Goal of the exercise
Print exactly the first lines of the records. Stop after the line containing "作為一款鴻蒙+星閃生態(tà", and leave every picture out.

Material to process
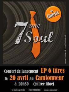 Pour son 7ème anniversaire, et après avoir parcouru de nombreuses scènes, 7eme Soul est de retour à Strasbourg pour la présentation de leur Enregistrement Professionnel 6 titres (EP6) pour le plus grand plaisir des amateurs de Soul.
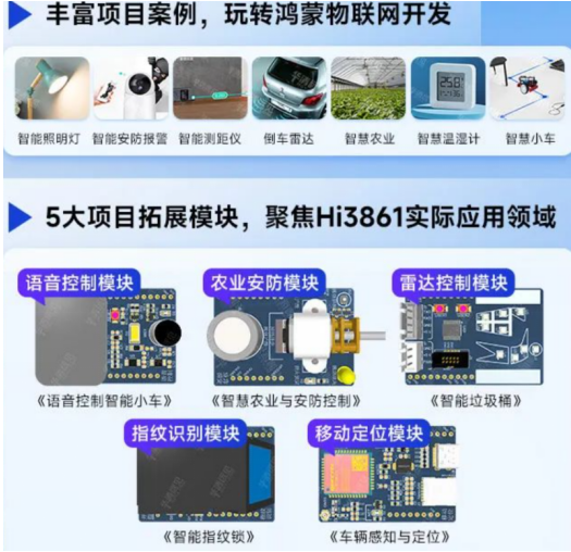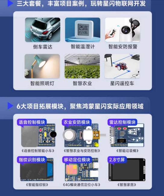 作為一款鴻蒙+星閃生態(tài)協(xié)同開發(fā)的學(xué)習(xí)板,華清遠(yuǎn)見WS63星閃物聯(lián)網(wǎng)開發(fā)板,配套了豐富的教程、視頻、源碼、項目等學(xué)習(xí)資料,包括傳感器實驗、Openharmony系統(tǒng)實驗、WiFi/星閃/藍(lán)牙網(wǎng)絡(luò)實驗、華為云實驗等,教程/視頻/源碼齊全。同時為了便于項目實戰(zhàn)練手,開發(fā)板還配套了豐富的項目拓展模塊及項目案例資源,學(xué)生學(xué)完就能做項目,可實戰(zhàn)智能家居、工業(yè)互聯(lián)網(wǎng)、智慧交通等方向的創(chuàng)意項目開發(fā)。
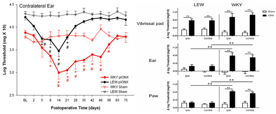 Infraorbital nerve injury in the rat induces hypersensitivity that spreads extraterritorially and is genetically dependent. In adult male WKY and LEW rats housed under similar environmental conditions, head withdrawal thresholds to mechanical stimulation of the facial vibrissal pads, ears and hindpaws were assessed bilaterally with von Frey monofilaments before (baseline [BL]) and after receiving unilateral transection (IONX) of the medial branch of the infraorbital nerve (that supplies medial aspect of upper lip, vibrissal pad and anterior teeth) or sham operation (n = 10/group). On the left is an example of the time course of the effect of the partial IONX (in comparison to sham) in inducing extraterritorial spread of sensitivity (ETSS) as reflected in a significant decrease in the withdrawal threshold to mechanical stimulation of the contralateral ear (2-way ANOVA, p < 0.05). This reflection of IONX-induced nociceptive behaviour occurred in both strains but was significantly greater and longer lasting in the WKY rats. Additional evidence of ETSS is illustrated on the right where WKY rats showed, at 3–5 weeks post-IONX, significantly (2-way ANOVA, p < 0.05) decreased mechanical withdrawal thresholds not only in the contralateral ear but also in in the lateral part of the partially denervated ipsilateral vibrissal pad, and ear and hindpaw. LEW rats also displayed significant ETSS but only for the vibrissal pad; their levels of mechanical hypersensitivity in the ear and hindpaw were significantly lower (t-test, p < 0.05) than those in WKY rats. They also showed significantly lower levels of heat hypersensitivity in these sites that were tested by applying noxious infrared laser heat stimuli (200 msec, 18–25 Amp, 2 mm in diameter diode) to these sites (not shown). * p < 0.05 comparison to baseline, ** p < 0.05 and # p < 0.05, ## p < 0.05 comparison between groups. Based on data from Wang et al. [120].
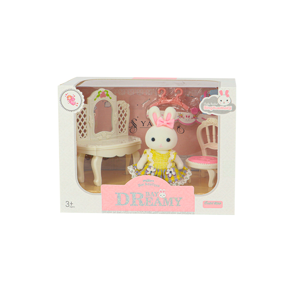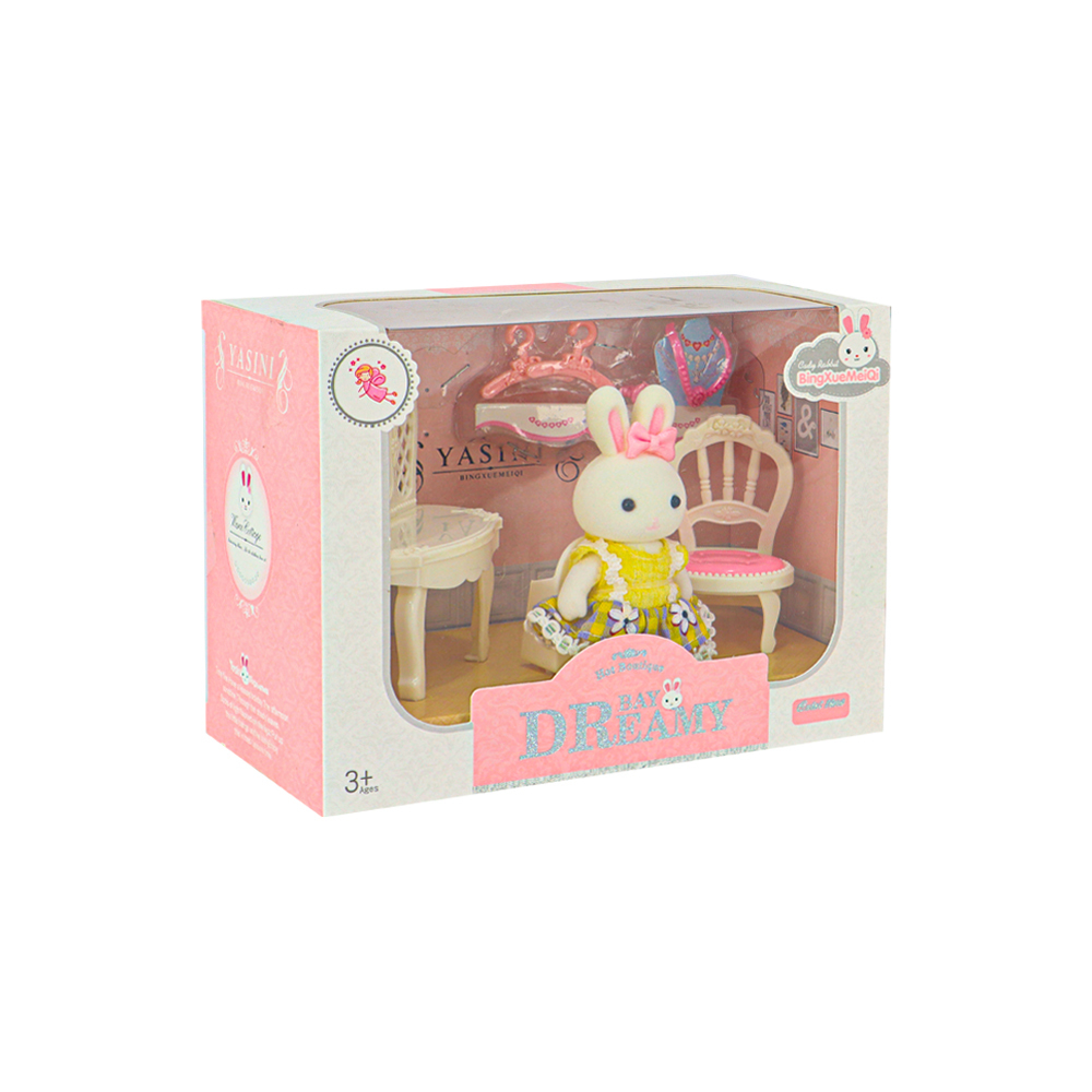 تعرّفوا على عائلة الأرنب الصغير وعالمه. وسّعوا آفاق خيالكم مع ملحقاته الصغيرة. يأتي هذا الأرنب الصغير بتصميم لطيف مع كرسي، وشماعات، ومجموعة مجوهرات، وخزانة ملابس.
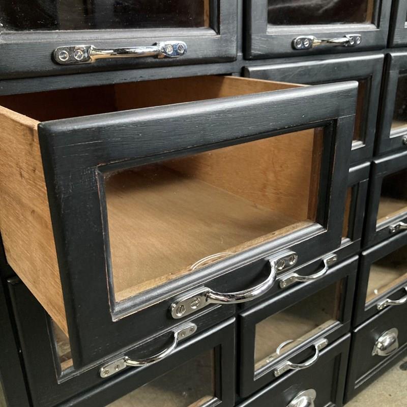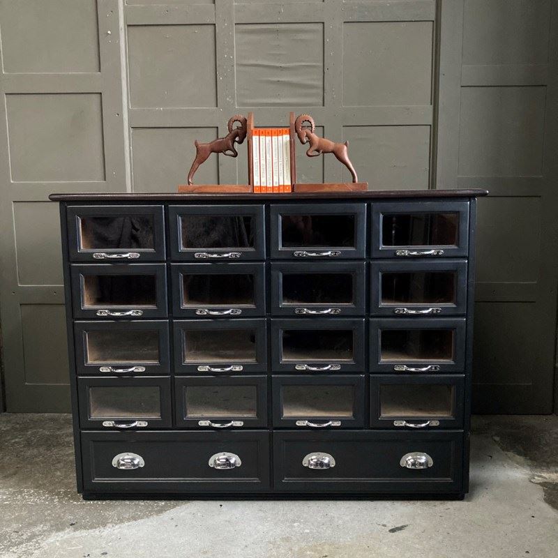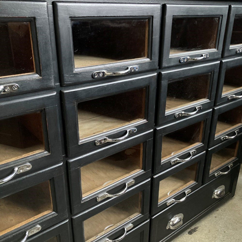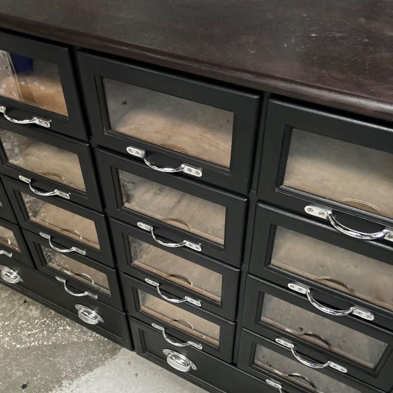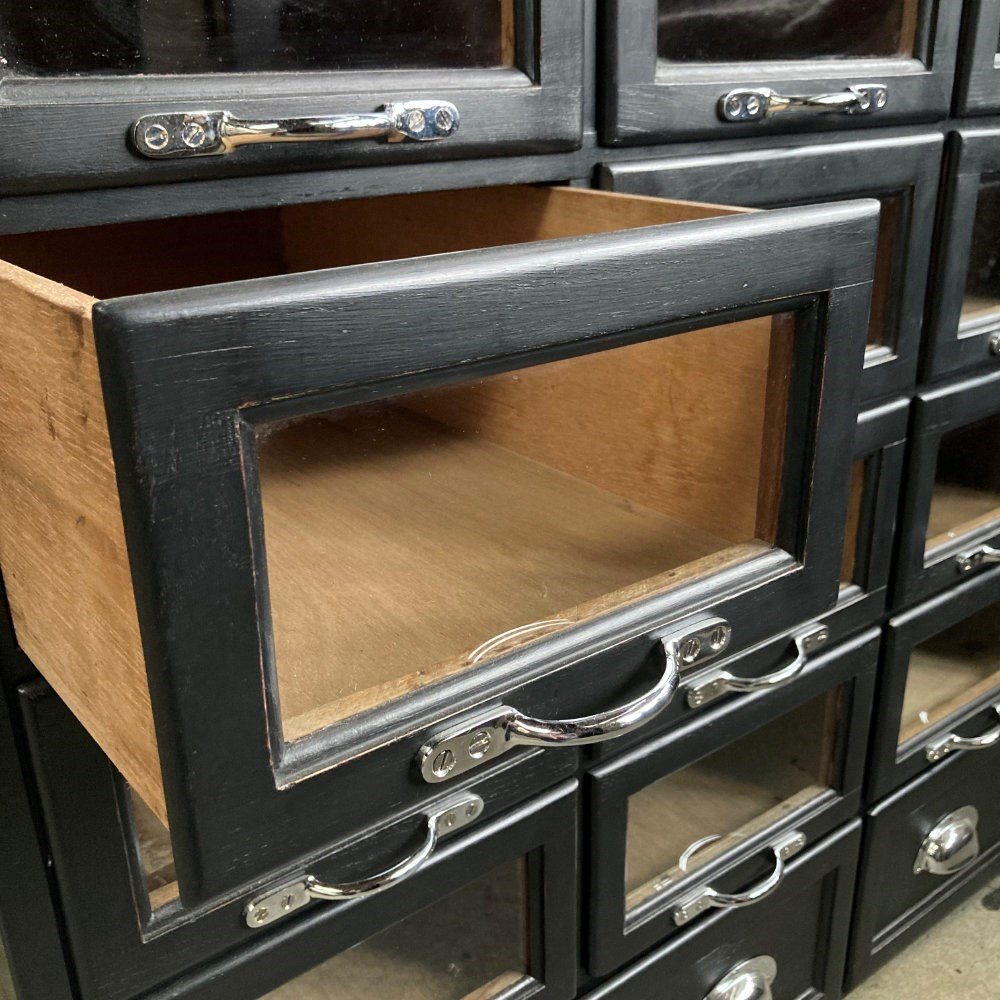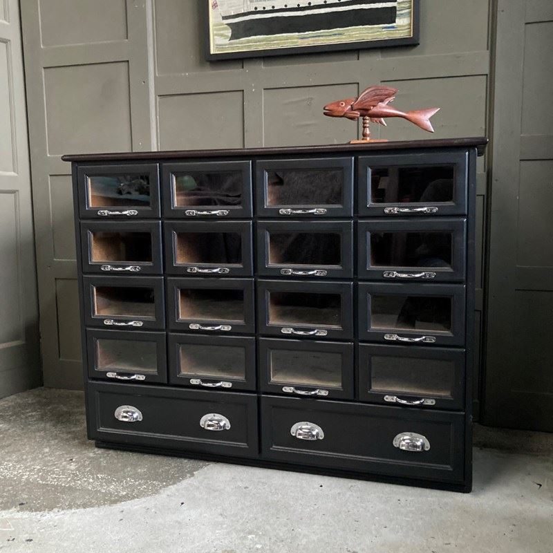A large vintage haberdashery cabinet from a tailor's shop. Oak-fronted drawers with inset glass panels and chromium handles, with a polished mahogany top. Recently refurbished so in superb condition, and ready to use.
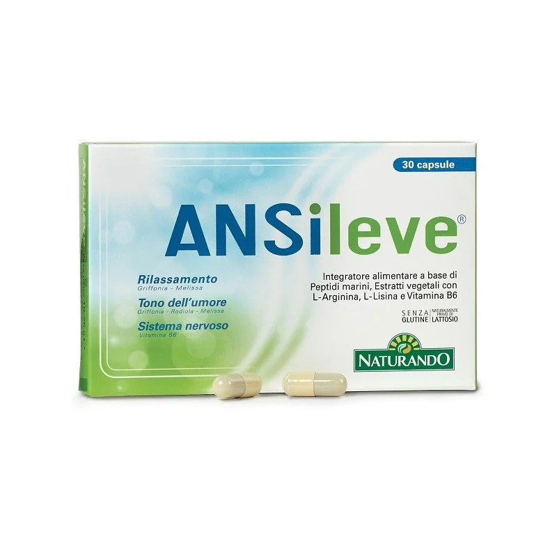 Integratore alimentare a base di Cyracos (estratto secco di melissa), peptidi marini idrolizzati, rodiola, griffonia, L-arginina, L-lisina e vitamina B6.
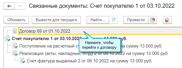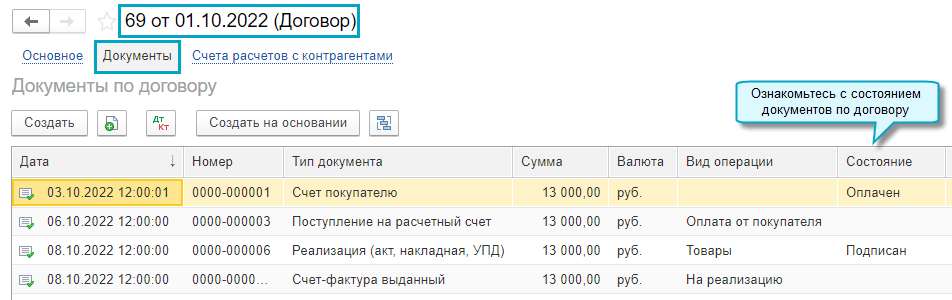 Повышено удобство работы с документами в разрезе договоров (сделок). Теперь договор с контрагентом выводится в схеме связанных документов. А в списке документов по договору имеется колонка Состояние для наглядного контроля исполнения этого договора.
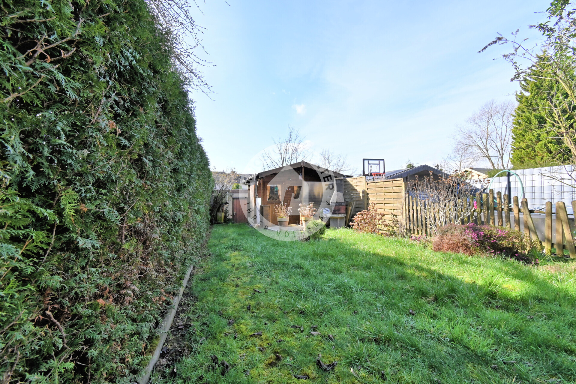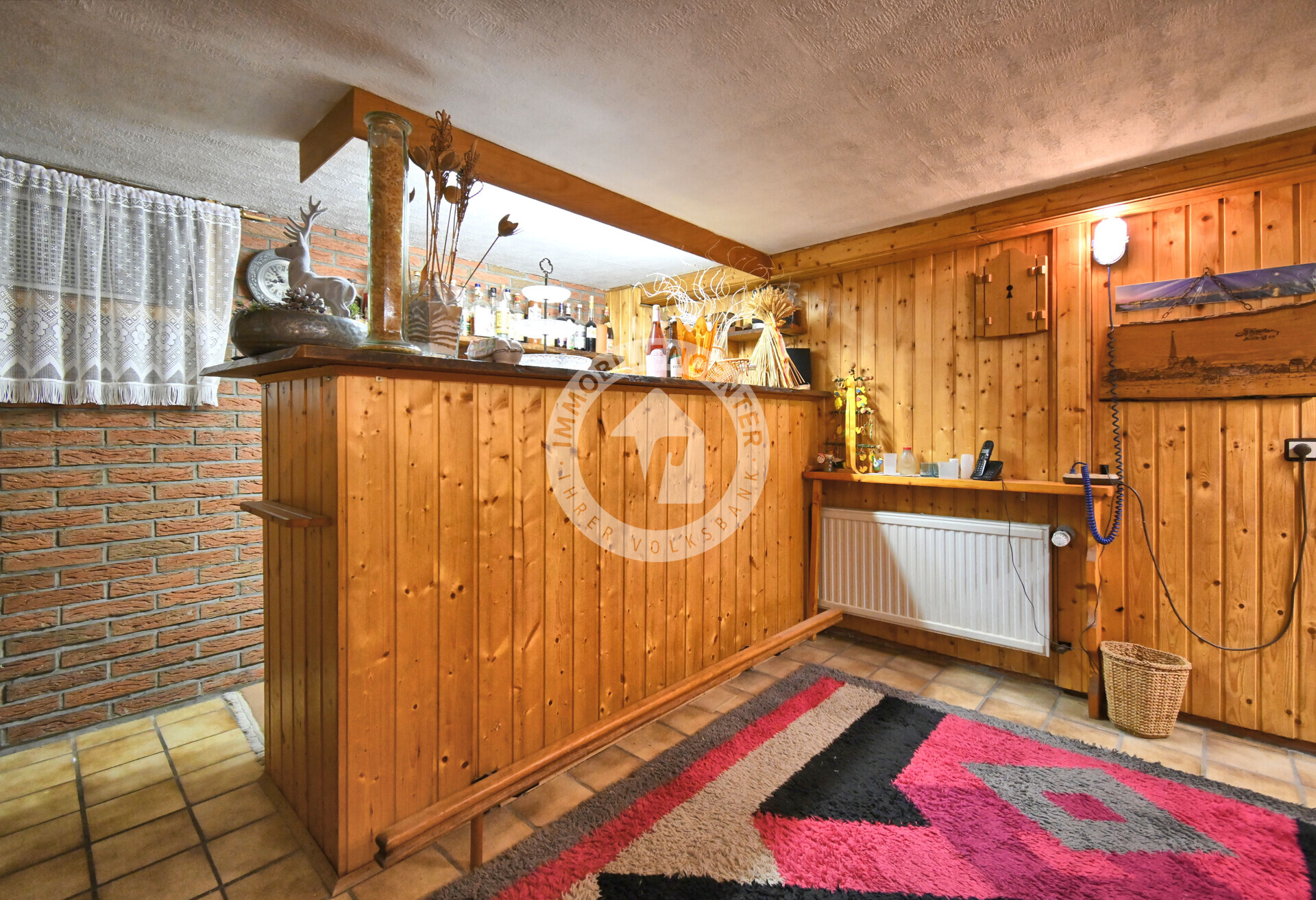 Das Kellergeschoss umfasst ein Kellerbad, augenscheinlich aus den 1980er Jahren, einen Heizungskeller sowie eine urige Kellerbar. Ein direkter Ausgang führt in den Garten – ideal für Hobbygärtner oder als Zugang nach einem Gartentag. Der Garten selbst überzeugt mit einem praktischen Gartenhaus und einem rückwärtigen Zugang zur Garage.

Reply
 Pour son 7ème anniversaire, et après avoir parcouru de nombreuses scènes, 7eme Soul est de retour à Strasbourg pour la présentation de leur Enregistrement Professionnel 6 titres (EP6) pour le plus grand plaisir des amateurs de Soul.
 作為一款鴻蒙+星閃生態(tài)協(xié)同開發(fā)的學(xué)習(xí)板,華清遠(yuǎn)見WS63星閃物聯(lián)網(wǎng)開發(fā)板,配套了豐富的教程、視頻、源碼、項目等學(xué)習(xí)資料,包括傳感器實驗、Openharmony系統(tǒng)實驗、WiFi/星閃/藍(lán)牙網(wǎng)絡(luò)實驗、華為云實驗等,教程/視頻/源碼齊全。同時為了便于項目實戰(zhàn)練手,開發(fā)板還配套了豐富的項目拓展模塊及項目案例資源,學(xué)生學(xué)完就能做項目,可實戰(zhàn)智能家居、工業(yè)互聯(lián)網(wǎng)、智慧交通等方向的創(chuàng)意項目開發(fā)。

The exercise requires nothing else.